Mistral Medium 3.5
Perceived performance vs frontier models
- Many commenters see Mistral Medium 3.5 as “okay but not exceptional” compared to frontier models like GPT‑5.5, Claude Sonnet/Opus, and top Chinese models (DeepSeek, GLM, Qwen, Kimi).
- Some argue that for typical coding and chat tasks, differences vs frontier models are small; others say for complex agentic workflows, the gap is now “enormous” and materially impacts productivity.
- Several note that smaller Chinese and Google models (e.g., Qwen 3.6 27B, Gemma 4 26–31B) match or beat it despite being much smaller.
Benchmarks and evaluation concerns
- Launch blog leans on SWE‑Bench Verified, which some distrust due to alleged contamination and past disputes between labs.
- Multiple users say the model performs poorly on SVG/HTML/JS generation, especially compared to Gemma and Kimi; others downplay SVG quality as a meaningful metric.
- There’s skepticism about claims that it “beats Sonnet,” with people reporting open‑weights generally lag Sonnet in practical agent tasks despite benchmark wins.
Pricing and competitiveness
- The model is viewed as expensive: significantly more than Mistral Large and Chinese competitors, and more than Anthropic’s Haiku / some Sonnet‑tier options.
- Some praise earlier Mistral models (Large, Small 4) as Pareto‑competitive (80–90% of frontier quality at much lower cost); this release is seen as less clearly on that frontier.
Open‑weight, dense design and local deployment
- Medium 3.5 is a 128B dense, open‑weight, 256k‑context model (~140 GB full; ~70–80 GB at Q4 quant).
- Enthusiasts like that it can, in principle, run locally on high‑end Macs or multi‑GPU rigs and offers sovereignty vs US/Chinese clouds.

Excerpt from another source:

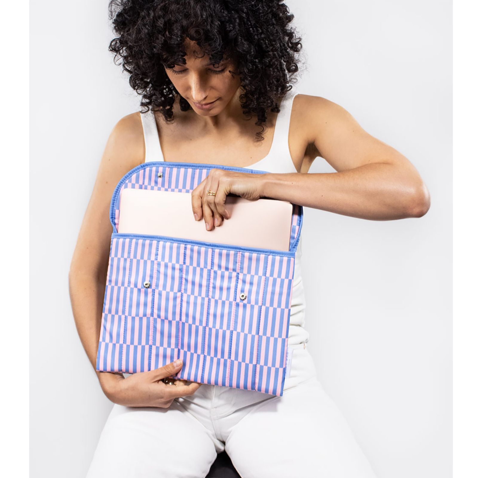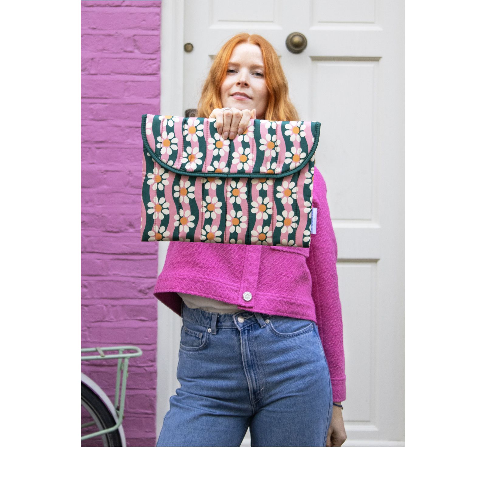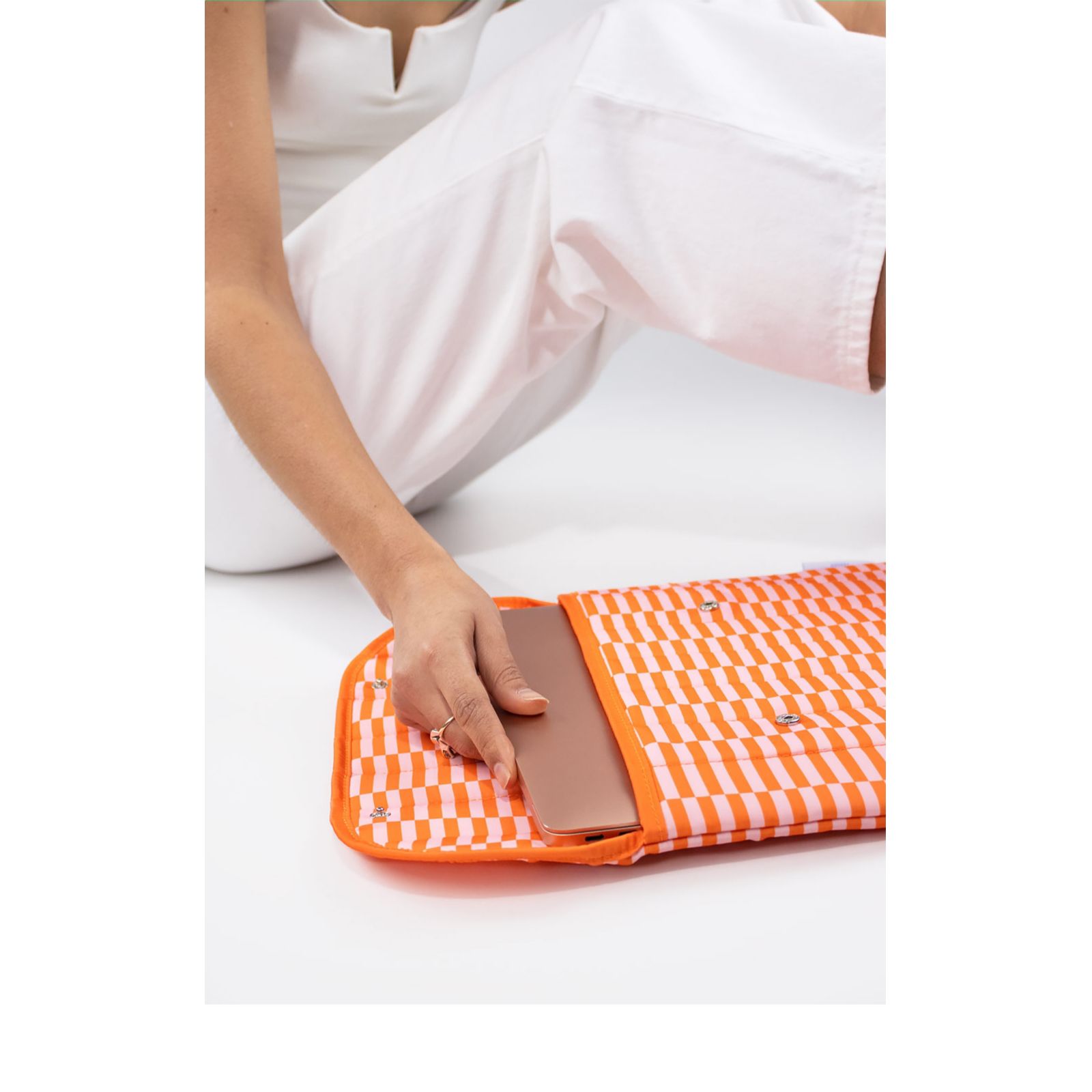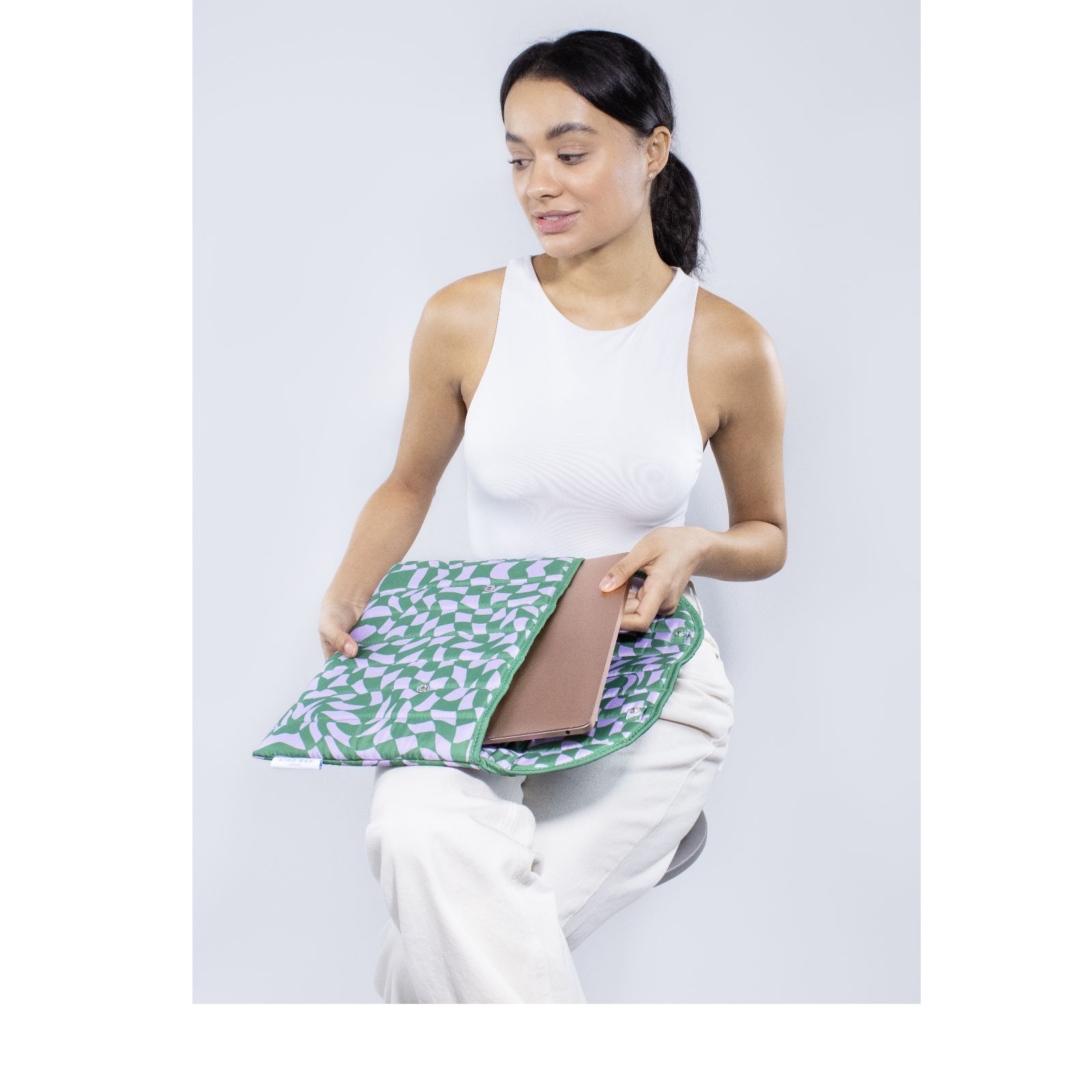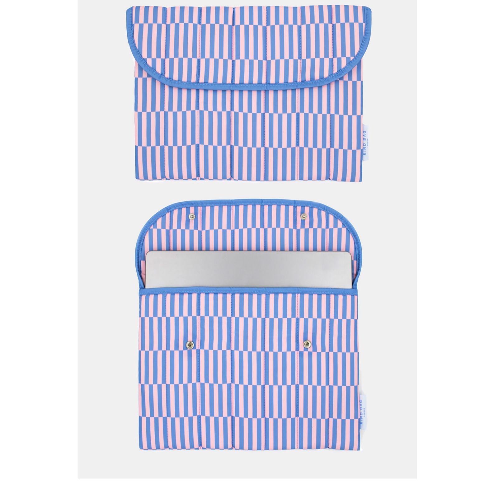 Keep your tech stylishly protected with this 13" laptop sleeve from Kind Bag. Crafted from recycled polyester made using PET bottles, it features soft quilted padding and a fold-over design secured with sleek metal buttons. Perfect for commuting, travelling or working from home, it keeps your device safe while adding a touch of charm to your everyday routine.

- Others point out the physics: dense 128B on consumer hardware yields very low tokens/sec; MoE alternatives (e.g., DeepSeek V4 Flash, Qwen 35B A3B) give higher effective capability per byte and far better speeds.
- Debate over why Mistral chose a large dense model given its own earlier MoE success; some see this as a strategic misstep.
Use cases, tools, and product experience
- Positive experiences with older Mistral models for text transformation, document analysis, and on‑prem enterprise deployments.
- Concerns that the new Medium’s higher price may foreshadow deprecation of cheaper Large.
- Mixed feedback on Mistral Vibe (coding agent) and CLI: some like the concept; others report bugs, instability, strict CSP preventing easy JS demos, and weak coding/tool behavior versus Claude Code, Codex, or OpenCode.
Geopolitics and ecosystem
- Strong interest in a credible non‑US, non‑Chinese option for regulatory, political, and “data sovereignty” reasons.
- Some worry Europe chronically underinvests and lags the US/China, while others argue efficient training and open‑weights can still make Mistral strategically important even if it is not strictly SOTA.